Today, at a press conference in Washington, Clinton said, “I think on both sides, our surrogates are obviously out there advocating for each of us. But this is between us. This is who's on the ballot. This is who's presenting our case to the public.” Except it’s not. Bill is presenting her case to South Carolina’s public, and Chelsea is presenting it to the youngsters. That’s OK—surrogates are a necessary and reasonable facet of the campaign—but Clinton is only one of two or three principals. Mind you, she’s not necessarily the principal thanks to Bill’s eight-year tenure in the White House.
Obama is catching on to the Clintons’ strategy and has no recourse other than to complain about it. Obama’s wife isn’t a former president, and his daughters are still getting visits from the tooth fairy. At last night’s debate, Barack Obama let out a sliver of frustration when he sighed, “Well, I can't tell who I'm running against sometimes,” in response to Hillary and Bill Clinton’s two-headed critique of his record.

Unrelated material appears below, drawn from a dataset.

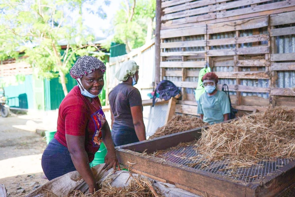 Women produce bagasse at the SOIL production workshop in Quartier-Morin, Cap-Haïtien. Photo: SOIL

Today, he continued to talk about it, telling CBN’s David Brody, “She said last night that Bill Clinton wasn’t the one running for president, but this is the next primary and he’s the one who’s staying behind.” He knows he’s powerless to stop it, so he has to hope voters will think it’s unfair that the Clintons are ganging up on him or that she’s neglecting South Carolina. It seems that Obama’s star power—which has created thousand-person rallies—does have its limitations: It doesn’t carry over to his family members.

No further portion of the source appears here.